Pour permettre à la province de prospérer et d'être économiquement et culturellement variée et durable, il faut être inclusif. Il est important que les CFAs se sentent faire partie de la Cité. Une partie de la solution est donc de repenser le récit de l'identité terre-neuvienne et de sa résilience malgré les influences sociales et politiques extérieures. Au lieu d'avoir une approche conflictuelle et condescendante, qui donne aux premiers ministres de la province l'occasion d'être perçus comme des meneurs d'une opposition frontale avec le reste du pays, mieux vaut positiver : opter pour une approche qui permette aux citoyens de participer au débat national et de s'engager activement aux côtés des nouveaux arrivants dans la province.
Faciliter l’intégration des « autres »
La province devrait faciliter l'intégration des « autres » en organisant des forums publics et des événements culturels ouverts où Terre-neuviens et CFAs partageraient leurs histoires respectives par le biais de récits en ligne et de visites en personne à The Rooms (archives provinciales, musée et galerie d'art), et en étant associés à l'élaboration des programmes éducatifs à tous les niveaux.

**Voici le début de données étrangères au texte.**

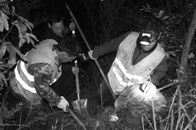 11月24日17时10分,武汉铁路局武当山桥隧车间员工雨中巡检时,发现鲍家坪桥梁与隧道之间20多米高路堑上,一块重约300多公斤的大圆石下滑10多厘米,随时可能滚落下来砸向铁路,引发事故。巡线人员迅速用绳索、撬棍固定住危石,并在圆石旁边开挖了一条长5米的侧沟,把大圆石引落到隧道顶上安全位置。本报记者 邹明强 本报通讯员 赵连斗 王军辉 摄

Les traditions locales des Terreneuviens et des nouveaux arrivants peuvent aussi être partagées dans le cadre d'un parrainage, par exemple, d'une famille récemment immigrée par une famille terre-neuvienne. Ces rencontres autour d'un Jiggs
Dinner ou d'un curry pourraient renforcer le caractère unique de l'échange tout en étant une occasion, par le partage de leurs expériences, de relier les gens les uns aux autres. L'engagement civique pourrait être encouragé par des discussions publiques portant sur des questions telles que : Comment imaginez-vous la future Terre-Neuve et le futur Labrador ? Qu'est-ce qu'il faudrait pour que vous vous installiez pour de bon ici ?
Les festivals culturels pourraient être des occasions de partager des traditions aussi bien musicales que culinaires, que dans les domaines de la danse, la littérature, le cinéma, ou les arts plastiques. Une politique éducative qui mettra l'accent sur l'expérience partagée lors d'une démarche d'immigration aidera à renforcer les liens entre les habitants de la province, d'où qu'ils viennent. La province s'est elle-même construite à travers l'immigration et un processus d'aller-retour. Il est important d'être fier du passé (tant la résilience des colons que celle des autochtones) et de le mettre en parallèle avec la résilience des nouveaux Canadiens et des gens du pays, tous venus avec l'espoir de construire une nouvelle vie avec de nouvelles perspectives et de nouvelles idées.
À travers le partage d'expériences, l' « autre » peut ainsi devenir une partie intégrante de Terre-Neuveet-Labrador et le sentiment d'appartenance et d'identité nationale n'en sera que plus fort.